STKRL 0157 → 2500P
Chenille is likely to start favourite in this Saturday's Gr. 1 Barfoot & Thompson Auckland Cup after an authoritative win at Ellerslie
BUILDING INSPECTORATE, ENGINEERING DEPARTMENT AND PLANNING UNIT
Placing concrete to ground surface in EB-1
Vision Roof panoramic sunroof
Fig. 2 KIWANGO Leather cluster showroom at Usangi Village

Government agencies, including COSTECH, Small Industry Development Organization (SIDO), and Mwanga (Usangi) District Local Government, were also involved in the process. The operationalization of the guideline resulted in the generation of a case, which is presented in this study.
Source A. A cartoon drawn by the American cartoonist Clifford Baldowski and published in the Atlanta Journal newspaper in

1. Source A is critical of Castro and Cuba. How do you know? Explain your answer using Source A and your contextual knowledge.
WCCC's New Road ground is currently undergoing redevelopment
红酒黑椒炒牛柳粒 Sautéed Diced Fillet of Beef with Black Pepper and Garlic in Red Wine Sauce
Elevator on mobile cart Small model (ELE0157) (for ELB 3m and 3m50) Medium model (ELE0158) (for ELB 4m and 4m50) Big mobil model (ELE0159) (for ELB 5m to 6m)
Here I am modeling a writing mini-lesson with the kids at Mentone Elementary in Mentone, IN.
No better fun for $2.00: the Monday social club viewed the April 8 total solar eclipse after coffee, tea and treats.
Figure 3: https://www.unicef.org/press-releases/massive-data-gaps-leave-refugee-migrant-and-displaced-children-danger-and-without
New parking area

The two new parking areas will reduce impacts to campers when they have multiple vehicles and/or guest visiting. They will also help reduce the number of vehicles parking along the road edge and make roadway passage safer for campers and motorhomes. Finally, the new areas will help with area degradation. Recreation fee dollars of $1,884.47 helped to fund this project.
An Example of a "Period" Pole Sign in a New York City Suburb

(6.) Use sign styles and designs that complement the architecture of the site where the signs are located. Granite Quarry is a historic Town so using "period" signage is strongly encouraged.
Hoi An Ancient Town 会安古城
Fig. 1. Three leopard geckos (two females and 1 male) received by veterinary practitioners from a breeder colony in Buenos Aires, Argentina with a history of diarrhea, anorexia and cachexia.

--

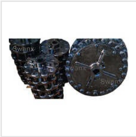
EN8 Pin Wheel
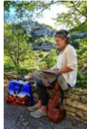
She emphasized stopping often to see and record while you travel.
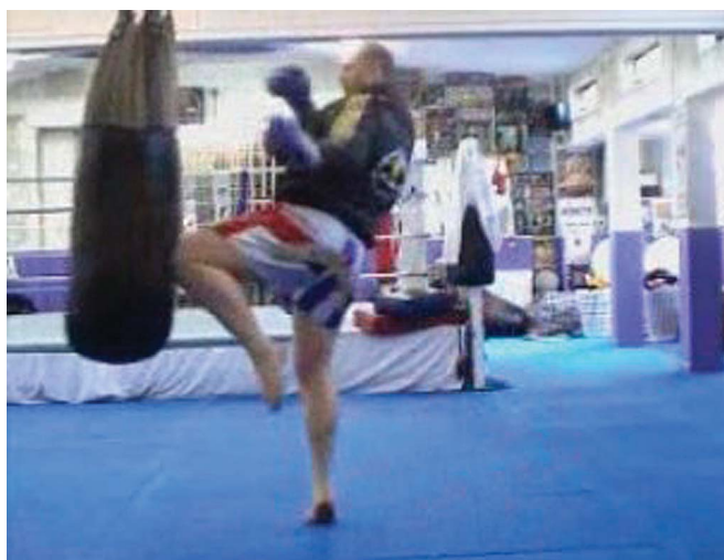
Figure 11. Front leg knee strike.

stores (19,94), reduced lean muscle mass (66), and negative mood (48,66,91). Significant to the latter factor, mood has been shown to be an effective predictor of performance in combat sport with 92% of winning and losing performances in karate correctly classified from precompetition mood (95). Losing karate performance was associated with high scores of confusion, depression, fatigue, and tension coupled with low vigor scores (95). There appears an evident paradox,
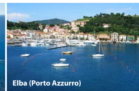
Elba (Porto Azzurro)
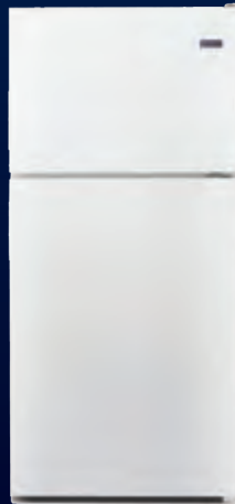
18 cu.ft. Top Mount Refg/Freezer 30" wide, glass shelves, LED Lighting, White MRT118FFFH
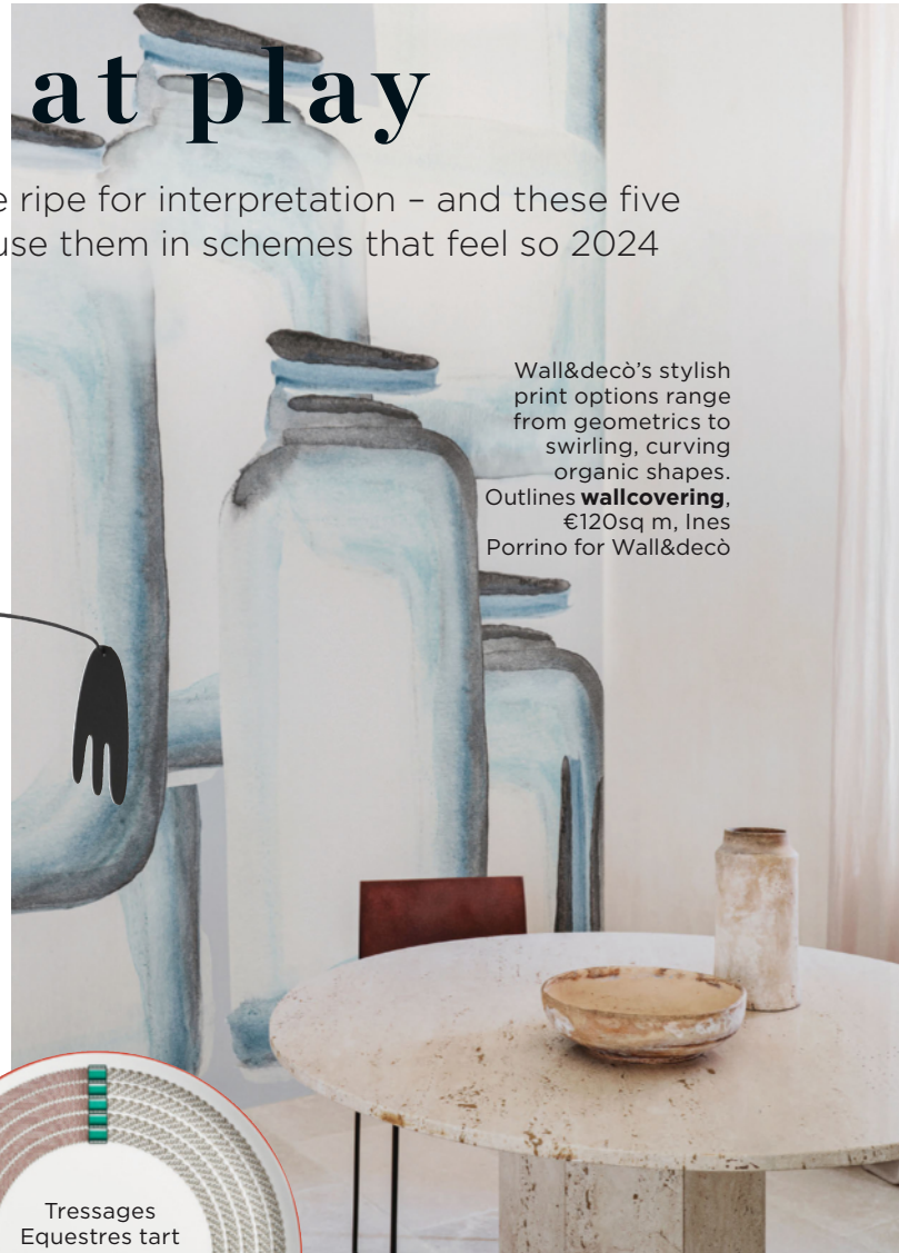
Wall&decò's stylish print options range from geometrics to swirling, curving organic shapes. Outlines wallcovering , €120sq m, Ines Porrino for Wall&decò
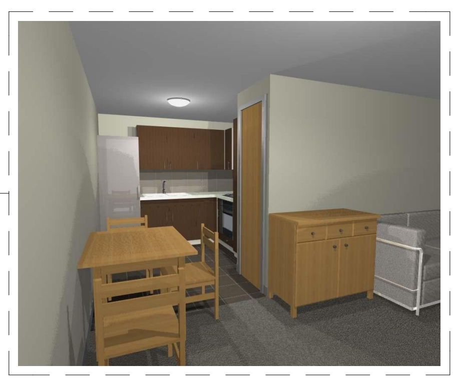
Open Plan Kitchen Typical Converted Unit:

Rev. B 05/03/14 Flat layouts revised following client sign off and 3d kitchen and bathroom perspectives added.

...

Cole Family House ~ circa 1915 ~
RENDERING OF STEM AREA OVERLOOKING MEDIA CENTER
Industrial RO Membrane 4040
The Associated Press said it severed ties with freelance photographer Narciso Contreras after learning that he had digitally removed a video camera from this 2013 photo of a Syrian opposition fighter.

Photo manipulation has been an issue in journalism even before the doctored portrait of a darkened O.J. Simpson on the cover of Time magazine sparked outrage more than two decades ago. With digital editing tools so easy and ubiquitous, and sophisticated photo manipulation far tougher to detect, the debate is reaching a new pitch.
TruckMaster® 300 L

WHAT NEEDS TO BE DONE
Your copy should hold the lines from the one with "Wall&decò's stylish print" up to and including the one with "Rev. B 05/03/14", exactly as in the data above, and no pictures.

EXERCISE RESPONSE
Wall&decò's stylish print options range from geometrics to swirling, curving organic shapes. Outlines wallcovering , €120sq m, Ines Porrino for Wall&decò
Open Plan Kitchen Typical Converted Unit:

Rev. B 05/03/14 Flat layouts revised following client sign off and 3d kitchen and bathroom perspectives added.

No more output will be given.